• _Entries supplied_
☆ ☆ ☆ ☆ ☆ ☆ ☆
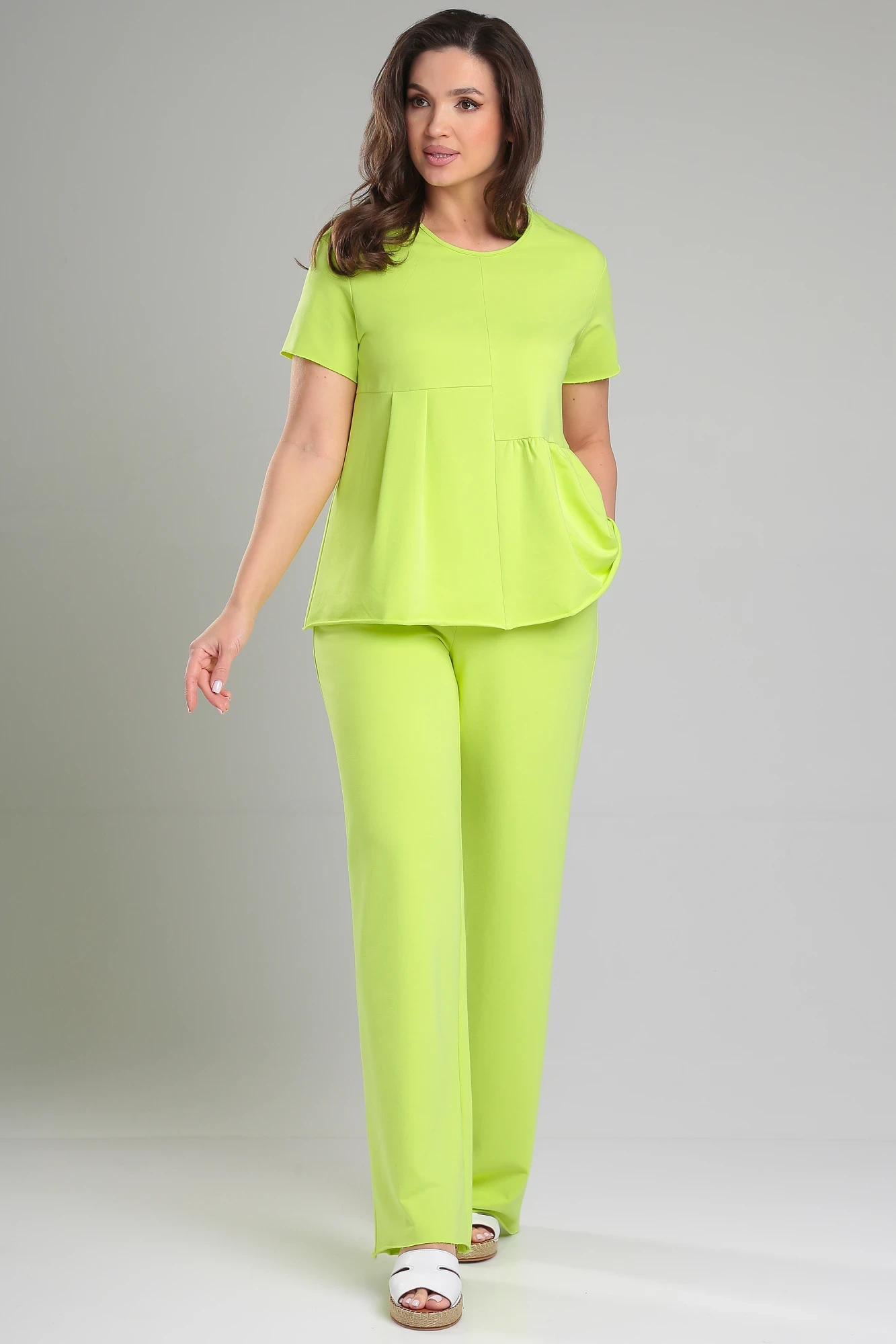 Хлопковый брючный комплект LeNata 20399 салатовый двойка
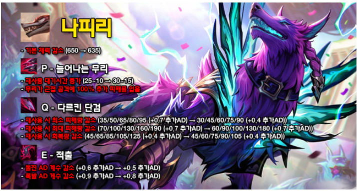 반대로 지나치게 높은 승률을 기록하고 있는 챔피언들은 하향 목록에 이름을 올렸습니다. 먼저 신규 챔피언 나피리의 경우 기본 체력이 650 > 635로 줄고, 패시브로 소환하는 무리의 주기가 길어지고, 근거리 공격에 100% 추가 피해를 입게 되어 전반적인 내구력이 감소했습니다.
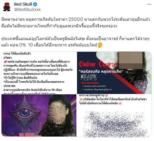 จากกรณี อาจารย์ท่านหนึ่ง เปิดคอร์สพิเศษผู้ที่เข้าเรียนสามารถจบมาเป็นอรหันต์ได้ โดย Red Skull ระบุว่า นิพพานง่ายๆ หยุดการเกิดดับในราคา 25,000 บาท คือไม่มีหน่วยงานไหนที่กำกับดูแลพวกแบบนี้จริง ๆ เหรอ ประเทศนี้แม่งแค่อุปโลกน์ตัวเป็นครูมีพลังวิเศษ ตั้งตนเป็นอาจารย์ หากินได้ง่าย ๆ แล้ว ผ่อน 0% 10 เดือนได้อีก อรหันต์แบบใด
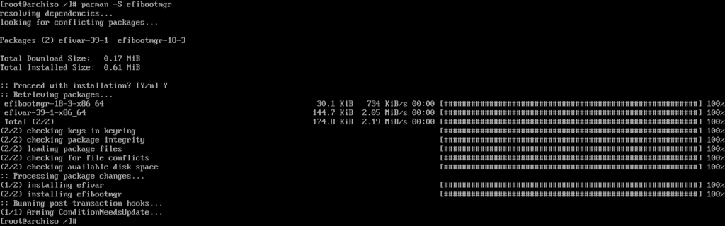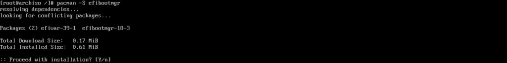 また、今回はマザーボード側のUEFI有効化した状態でのArch Linuxインストールを進めているので、GRUBに加えてefibootmgrもインストールしなくてはいけません。このefibootmgrはマザーボード上に物理実装されたUEFI用NVRAM(Non Volatile RAMの略で、電源を切っても消えない不揮発性の記憶領域)に登録されたブートエントリの内容や順番設定を表示・変更するためのコマンドで、内部的にGRUBによって使用されます。
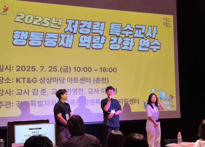 [뉴스노크=김인호 기자] 강원특별자치도교육청은 7월 25일 10시 춘천 KT&G 상상마당 아트센터에서 ‘2025 저경력 특수교사 행동중재 역량 강화’ 연수를 진행했다.
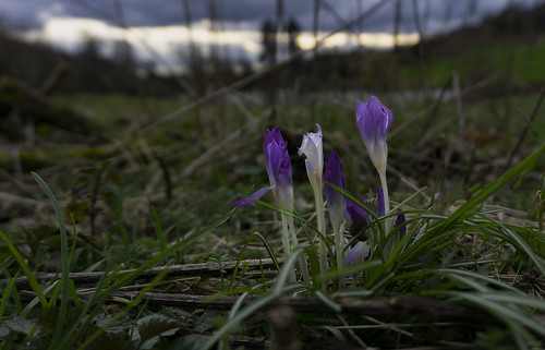 It is encouraging to see someone trying something different. The study of the crocus plants themselves is good with a spot on point of focus. The bright patch across the sky is a distraction that I would have removed but I do like the lower portion of the image. |
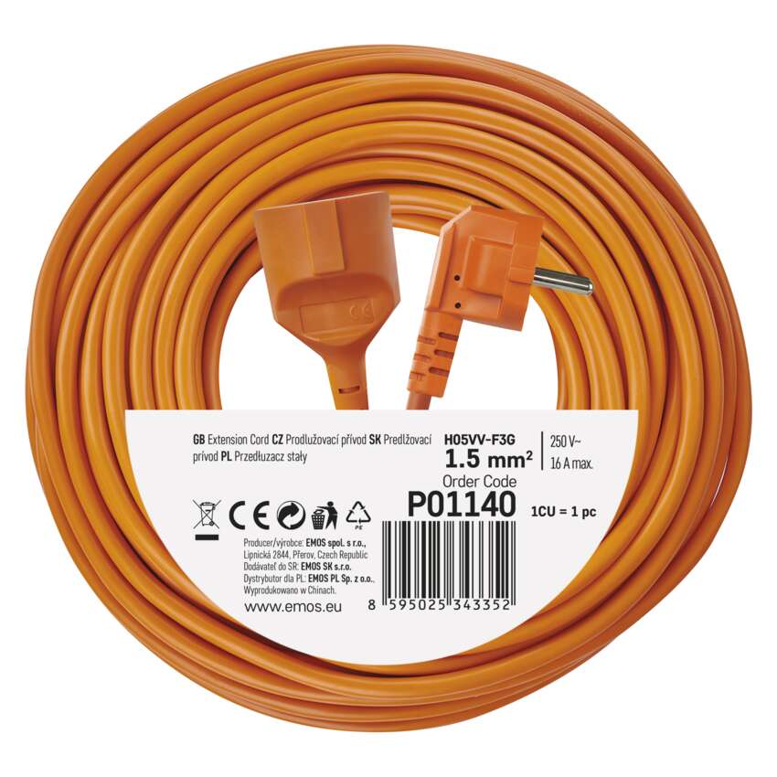 Oranžový prodlužovací přívod s jednou zásuvkou - spojka, délkou 40 m a průřezem vodiče 1,5 mm2. Vhodný pro maximální zátěž 16 A max. Prodlužovací přívod 40 m na 230 V~ slouží k prodloužení elektrické energie tam, kam pevná zásuvka nedosáhne.
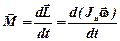 где М – момент внешних сил, приложенных к телу, L – момент импульса тела, J – момент инерции тела, w – его угловая скорость. Если J = const, то
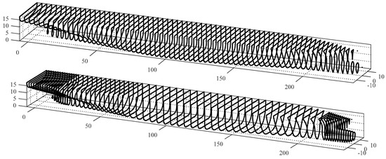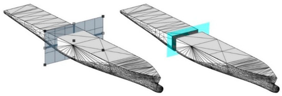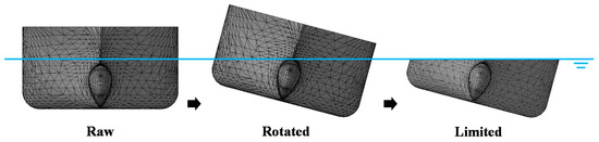 In the time-domain strip method, the instantaneous wetted surface is calculated at each time step [19]. Particularly, the wetted surface varies during the six degrees of freedom (6-DOF) motions of a ship. The dense body plan under arbitrary roll and pitch angles can be conveniently produced by rotating the stereolithographic model. Based on the incident wave elevation around the ship, an instantaneous wetted surface could be integrated by limiting the body plan with the elevation in each longitudinal location. The slicing process of the rotated model is presented in Figure 8. Although the instantaneous free surface in the time-domain calculation is fully non-linear, an average steady water plane is adopted here to illustrate the effectiveness. The present method shows the applied potential in time-domain strip theory.
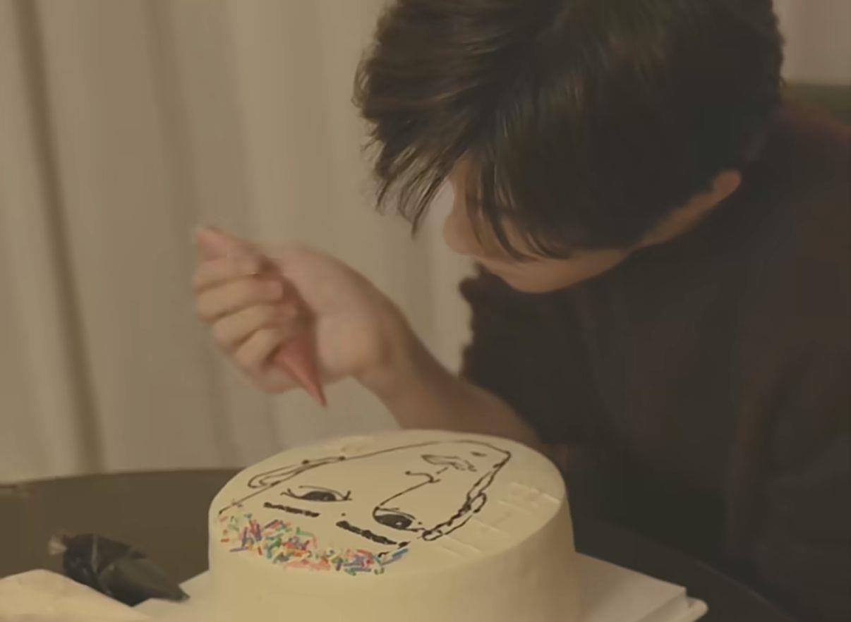 易烊千玺工作室发布的视频素材显示,这个蛋糕的正面造型由易烊千玺独立创作完成。他用奶油绘制了自己的自画像,附上了一颗“心”,还写上“二十五”。
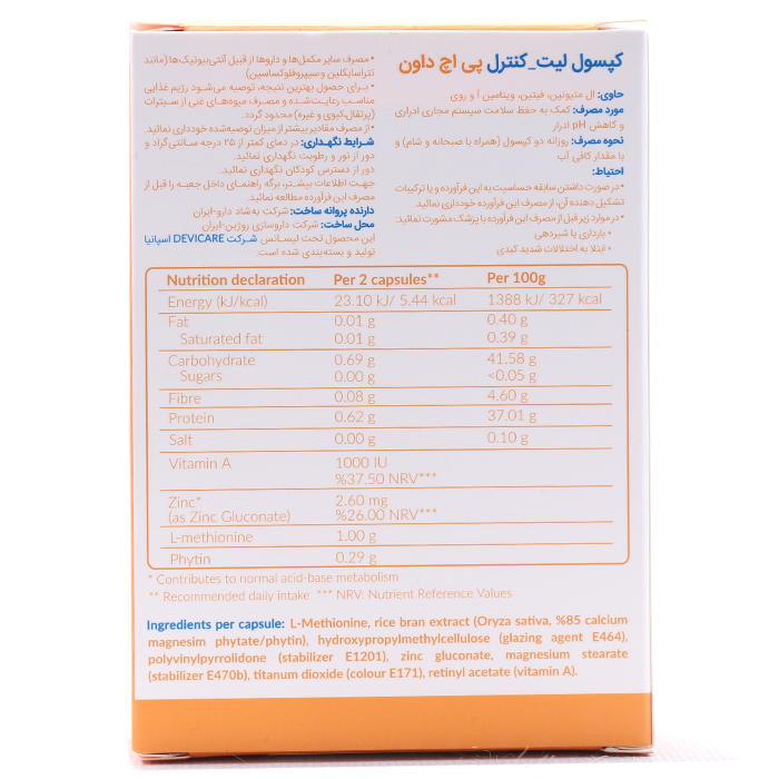 پاسخ: کپسول لیت کنترل پی اچ داون بهشاد دارو شامل ال متیونین، فیتین، ویتامین آ و روی است.
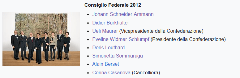 Plr: Didier Burkhalter, Johann Schneider-Ammann Ps: Simonetta Sommaruga, Alain Berset Ppd: Doris Leuthard, Corina Casanova Udc: Ueli Maurer Pbd: Eveline Widmer-Schlumpf
☆ ☆ ☆ ☆ ☆ ☆ ☆
• _Work to be completed_
Images aside, return each entry above precisely as it stands.

• _Exercise solution_
 Хлопковый брючный комплект LeNata 20399 салатовый двойка
 반대로 지나치게 높은 승률을 기록하고 있는 챔피언들은 하향 목록에 이름을 올렸습니다. 먼저 신규 챔피언 나피리의 경우 기본 체력이 650 > 635로 줄고, 패시브로 소환하는 무리의 주기가 길어지고, 근거리 공격에 100% 추가 피해를 입게 되어 전반적인 내구력이 감소했습니다.
 จากกรณี อาจารย์ท่านหนึ่ง เปิดคอร์สพิเศษผู้ที่เข้าเรียนสามารถจบมาเป็นอรหันต์ได้ โดย Red Skull ระบุว่า นิพพานง่ายๆ หยุดการเกิดดับในราคา 25,000 บาท คือไม่มีหน่วยงานไหนที่กำกับดูแลพวกแบบนี้จริง ๆ เหรอ ประเทศนี้แม่งแค่อุปโลกน์ตัวเป็นครูมีพลังวิเศษ ตั้งตนเป็นอาจารย์ หากินได้ง่าย ๆ แล้ว ผ่อน 0% 10 เดือนได้อีก อรหันต์แบบใด
 また、今回はマザーボード側のUEFI有効化した状態でのArch Linuxインストールを進めているので、GRUBに加えてefibootmgrもインストールしなくてはいけません。このefibootmgrはマザーボード上に物理実装されたUEFI用NVRAM(Non Volatile RAMの略で、電源を切っても消えない不揮発性の記憶領域)に登録されたブートエントリの内容や順番設定を表示・変更するためのコマンドで、内部的にGRUBによって使用されます。
 [뉴스노크=김인호 기자] 강원특별자치도교육청은 7월 25일 10시 춘천 KT&G 상상마당 아트센터에서 ‘2025 저경력 특수교사 행동중재 역량 강화’ 연수를 진행했다.
 It is encouraging to see someone trying something different. The study of the crocus plants themselves is good with a spot on point of focus. The bright patch across the sky is a distraction that I would have removed but I do like the lower portion of the image. |
 Oranžový prodlužovací přívod s jednou zásuvkou - spojka, délkou 40 m a průřezem vodiče 1,5 mm2. Vhodný pro maximální zátěž 16 A max. Prodlužovací přívod 40 m na 230 V~ slouží k prodloužení elektrické energie tam, kam pevná zásuvka nedosáhne.
 где М – момент внешних сил, приложенных к телу, L – момент импульса тела, J – момент инерции тела, w – его угловая скорость. Если J = const, то
 In the time-domain strip method, the instantaneous wetted surface is calculated at each time step [19]. Particularly, the wetted surface varies during the six degrees of freedom (6-DOF) motions of a ship. The dense body plan under arbitrary roll and pitch angles can be conveniently produced by rotating the stereolithographic model. Based on the incident wave elevation around the ship, an instantaneous wetted surface could be integrated by limiting the body plan with the elevation in each longitudinal location. The slicing process of the rotated model is presented in Figure 8. Although the instantaneous free surface in the time-domain calculation is fully non-linear, an average steady water plane is adopted here to illustrate the effectiveness. The present method shows the applied potential in time-domain strip theory.
 易烊千玺工作室发布的视频素材显示,这个蛋糕的正面造型由易烊千玺独立创作完成。他用奶油绘制了自己的自画像,附上了一颗“心”,还写上“二十五”。
 پاسخ: کپسول لیت کنترل پی اچ داون بهشاد دارو شامل ال متیونین، فیتین، ویتامین آ و روی است.
 Plr: Didier Burkhalter, Johann Schneider-Ammann Ps: Simonetta Sommaruga, Alain Berset Ppd: Doris Leuthard, Corina Casanova Udc: Ueli Maurer Pbd: Eveline Widmer-Schlumpf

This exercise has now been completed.